FIG. 1 is a diagram to show the result of Table 3 as a relationship between yield strength YS and K_1SSC. In general, it is well known that in a low alloy steel, K_1SSC tends to decrease as yield strength YS increases. However, in FIG. 1, it was made clear that the steel pipe of the present invention showed a higher K_1SSC at a same yield strength.
As aforementioned, the embodiment of the present invention has been explained. However, the aforementioned embodiment is merely an exemplification for carrying out the present invention.

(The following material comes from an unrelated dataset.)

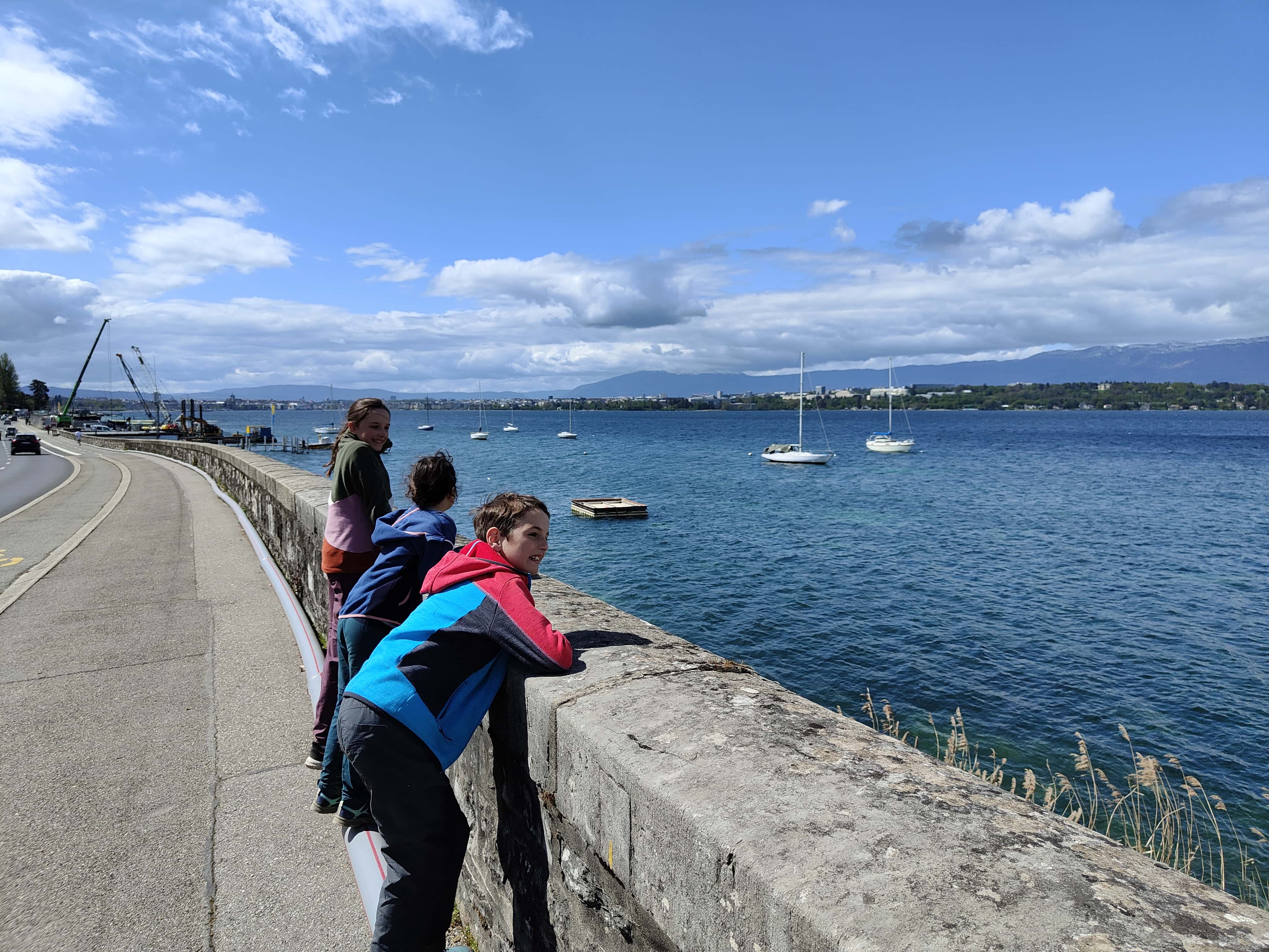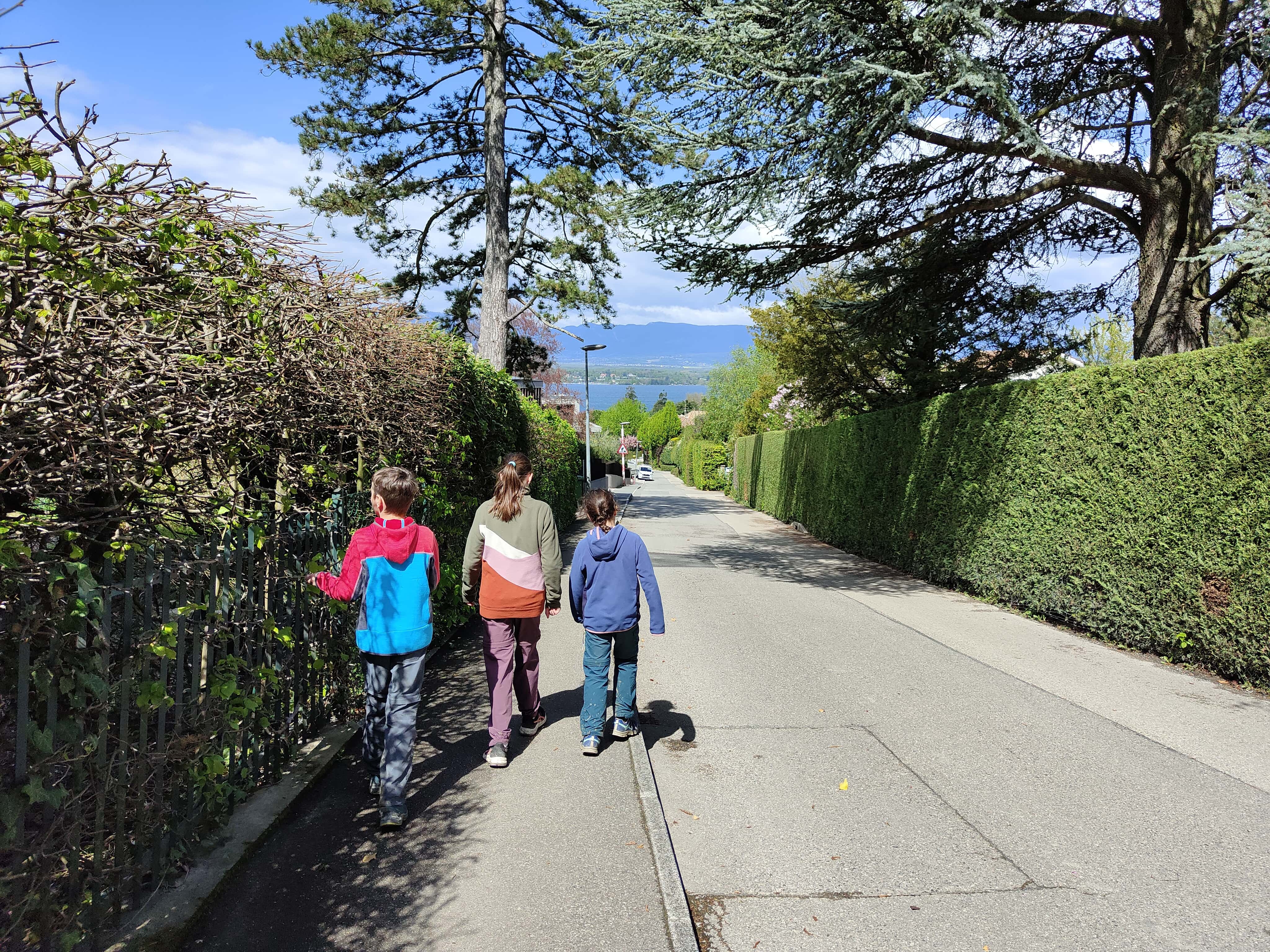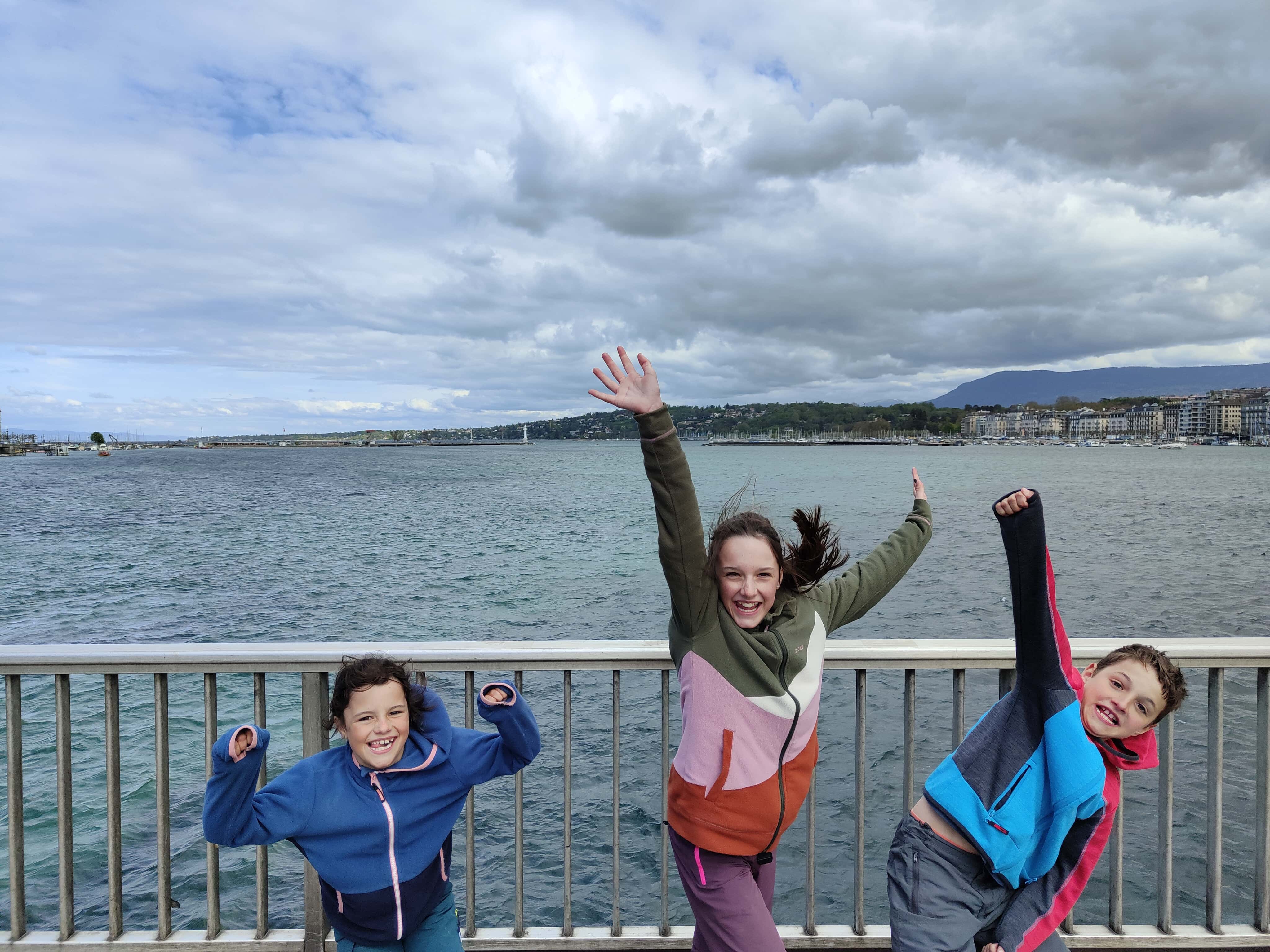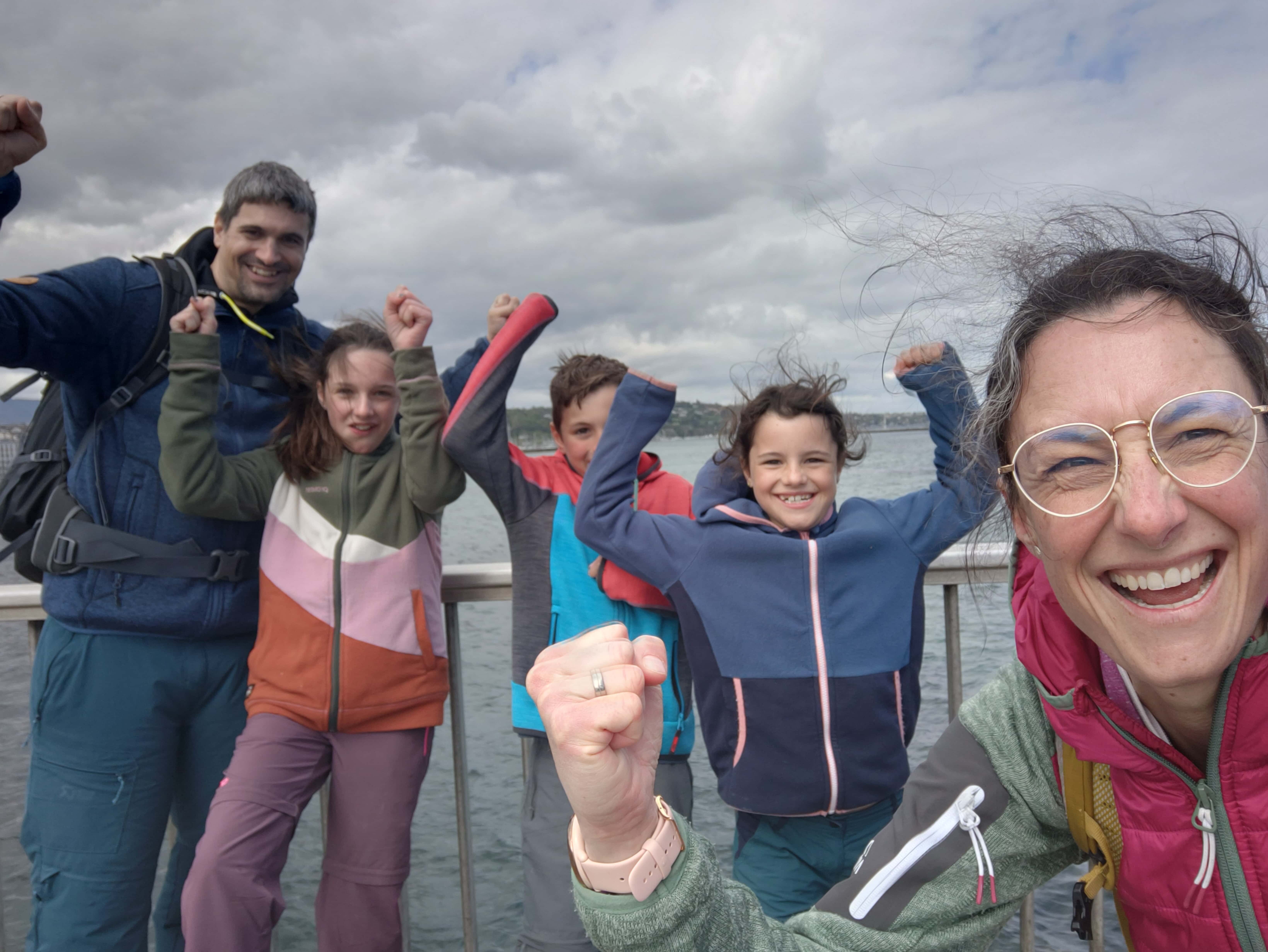 Und dann war es soweit: die letzte Etappe stand uns bevor. Das Wetter in unserer Ferienwoche meinte es wirklich gut mit uns. Kalt, aber trocken war es heute. Die heutige Etappe war eigentlich ein langer Spaziergang. Keine Höhendifferenzen mehr, die überschritten werden mussten. Das Restaurant Cheval Blanc in Carre d’Arval gibt es noch immer – mit stattlichen Preisen! Auch können wir die exakt grandlinig angeordneten Reben bestätigen. Wir schritten dem Genfersee in zügigem Tempo entgegen und der Moment, als dieser in unser Blickfeld kam, ist unbeschreiblich. Die letzten Kilometer spazierten wir in Schlendertempo dem Quai entlang und genossen den Blick auf die immer näher kommende Stadt Genève. Wir beschlossen unsere Schweiz-Durchquerung auf der Pont du Mont-Blanc. Was für ein wunderschöner, würdiger Schlusspunkt.

Accordingly, the present invention is not limited to the aforementioned embodiment, and the aforementioned embodiment can be appropriately modified and carried out without departing from the scope of the present invention.

Claims

A low alloy oil-well steel pipe characterized by comprising a chemical composition consisting of:
in mass%,
C: 0.25 to 0.35%;

Si: 0.05 to 0.50%;

Mn: 0.10 to 1.50%;

Cr: 0.40 to 1.50%;

Mo: 0.40 to 2.00%;

V: 0.05 to 0.25%;

Nb: 0.010 to 0.040%;

Ti: 0.002 to 0.050%;

sol.Al: 0.005 to 0.10%;

N: 0.007% or less;

B: 0.0001 to 0.0035%;

Ca: 0 to 0.005%; and

a balance being Fe and impurities,

the impurities including:
P: 0.020% or less;

S: 0.010% or less;

O: 0.006% or less;

Ni: 0.10% or less; and

Cu: 0.10% or less,

wherein

in a microstructure of the low alloy oil-well steel pipe, a number of cementite particles each of which has an equivalent circle diameter of 200 nm or more is 100 particles/100 µm² or more, and

a yield strength is 793 MPa or more.
The low alloy oil-well steel pipe according to claim 1, characterized in that the chemical composition contains Ca: 0.0005 to 0.005%.